| DATA FOR THIS EXERCISE |
——————————
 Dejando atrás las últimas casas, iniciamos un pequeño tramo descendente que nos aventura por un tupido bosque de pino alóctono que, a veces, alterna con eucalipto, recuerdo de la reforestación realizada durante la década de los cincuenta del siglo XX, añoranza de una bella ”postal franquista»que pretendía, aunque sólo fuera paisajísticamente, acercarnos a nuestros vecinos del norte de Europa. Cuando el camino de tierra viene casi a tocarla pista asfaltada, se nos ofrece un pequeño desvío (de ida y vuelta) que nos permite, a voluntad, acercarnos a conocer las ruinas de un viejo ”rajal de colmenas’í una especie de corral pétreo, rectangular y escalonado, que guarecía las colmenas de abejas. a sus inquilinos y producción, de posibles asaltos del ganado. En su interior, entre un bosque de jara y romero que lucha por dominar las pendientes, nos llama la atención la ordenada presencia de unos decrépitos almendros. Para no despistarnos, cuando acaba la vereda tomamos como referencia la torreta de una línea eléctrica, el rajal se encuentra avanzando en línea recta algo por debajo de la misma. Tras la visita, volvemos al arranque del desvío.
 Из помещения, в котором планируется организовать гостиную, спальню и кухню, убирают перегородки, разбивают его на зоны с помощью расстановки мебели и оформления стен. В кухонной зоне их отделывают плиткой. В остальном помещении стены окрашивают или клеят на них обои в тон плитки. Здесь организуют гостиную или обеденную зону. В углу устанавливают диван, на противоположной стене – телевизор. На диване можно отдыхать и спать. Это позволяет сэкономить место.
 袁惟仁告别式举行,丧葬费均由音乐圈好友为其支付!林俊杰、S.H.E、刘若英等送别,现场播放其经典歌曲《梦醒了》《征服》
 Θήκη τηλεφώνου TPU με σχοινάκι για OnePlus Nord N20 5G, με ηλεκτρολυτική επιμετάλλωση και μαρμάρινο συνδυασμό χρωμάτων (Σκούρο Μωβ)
——————————
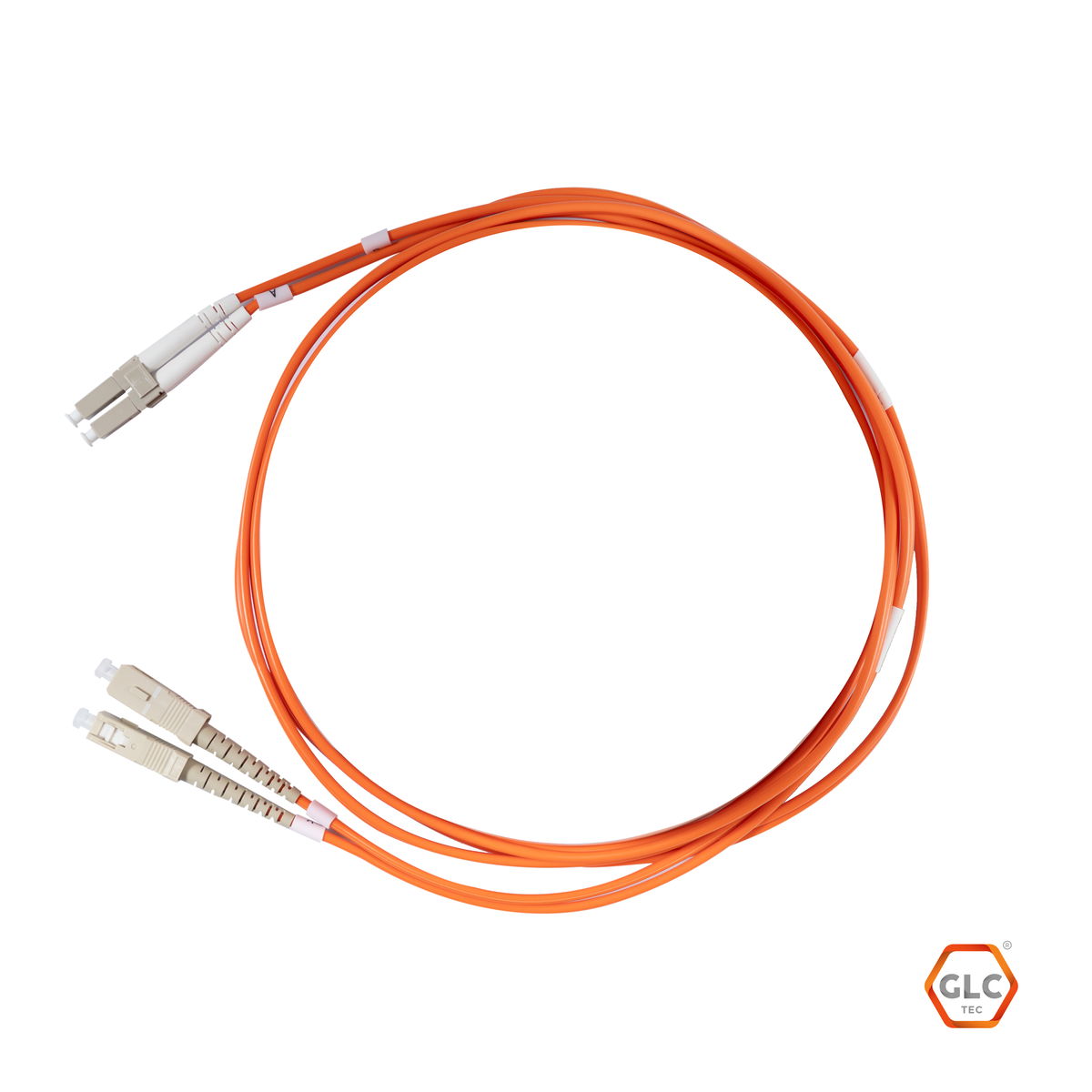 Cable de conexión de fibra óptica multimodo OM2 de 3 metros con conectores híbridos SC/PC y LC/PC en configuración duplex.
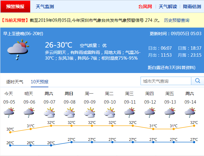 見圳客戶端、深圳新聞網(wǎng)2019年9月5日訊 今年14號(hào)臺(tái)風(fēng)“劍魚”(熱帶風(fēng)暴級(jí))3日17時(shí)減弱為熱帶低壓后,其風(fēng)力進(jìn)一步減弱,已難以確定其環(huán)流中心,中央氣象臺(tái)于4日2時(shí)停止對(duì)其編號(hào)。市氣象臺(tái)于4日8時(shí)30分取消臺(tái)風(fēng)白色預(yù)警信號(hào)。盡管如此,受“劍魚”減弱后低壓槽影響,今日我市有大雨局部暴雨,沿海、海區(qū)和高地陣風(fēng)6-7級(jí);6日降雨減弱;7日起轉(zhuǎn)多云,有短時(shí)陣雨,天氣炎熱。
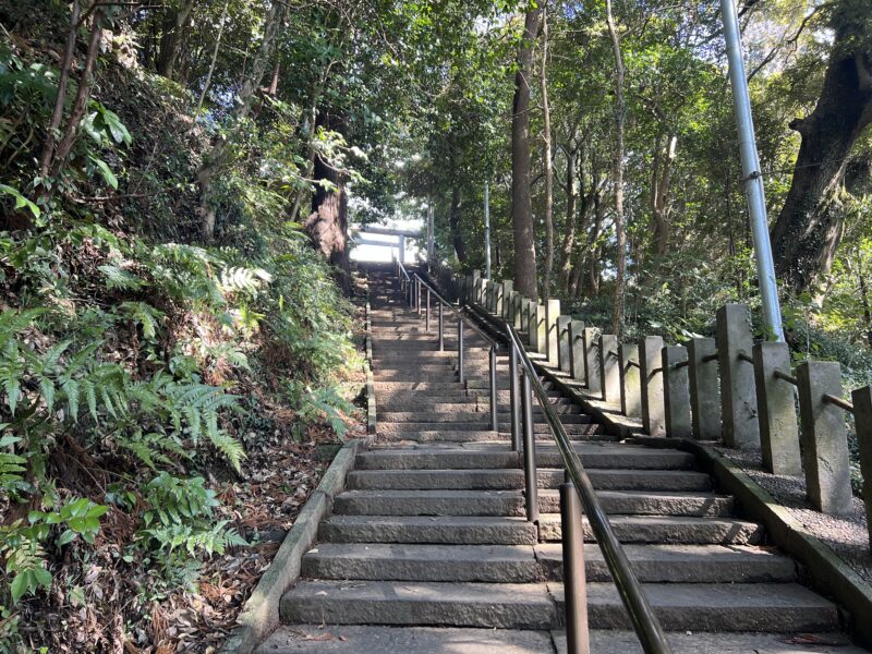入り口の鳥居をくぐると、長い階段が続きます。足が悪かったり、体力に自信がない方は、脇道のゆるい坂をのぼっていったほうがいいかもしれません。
——————————
All that should appear in the answer is the lines above from the line with "Cable de conexión" through the line with "入り口の鳥居をくぐると、長い", retyped exactly, pictures left out.

| ANSWER SPACE |
 Cable de conexión de fibra óptica multimodo OM2 de 3 metros con conectores híbridos SC/PC y LC/PC en configuración duplex.
 見圳客戶端、深圳新聞網(wǎng)2019年9月5日訊 今年14號(hào)臺(tái)風(fēng)“劍魚”(熱帶風(fēng)暴級(jí))3日17時(shí)減弱為熱帶低壓后,其風(fēng)力進(jìn)一步減弱,已難以確定其環(huán)流中心,中央氣象臺(tái)于4日2時(shí)停止對(duì)其編號(hào)。市氣象臺(tái)于4日8時(shí)30分取消臺(tái)風(fēng)白色預(yù)警信號(hào)。盡管如此,受“劍魚”減弱后低壓槽影響,今日我市有大雨局部暴雨,沿海、海區(qū)和高地陣風(fēng)6-7級(jí);6日降雨減弱;7日起轉(zhuǎn)多云,有短時(shí)陣雨,天氣炎熱。
入り口の鳥居をくぐると、長い階段が続きます。足が悪かったり、体力に自信がない方は、脇道のゆるい坂をのぼっていったほうがいいかもしれません。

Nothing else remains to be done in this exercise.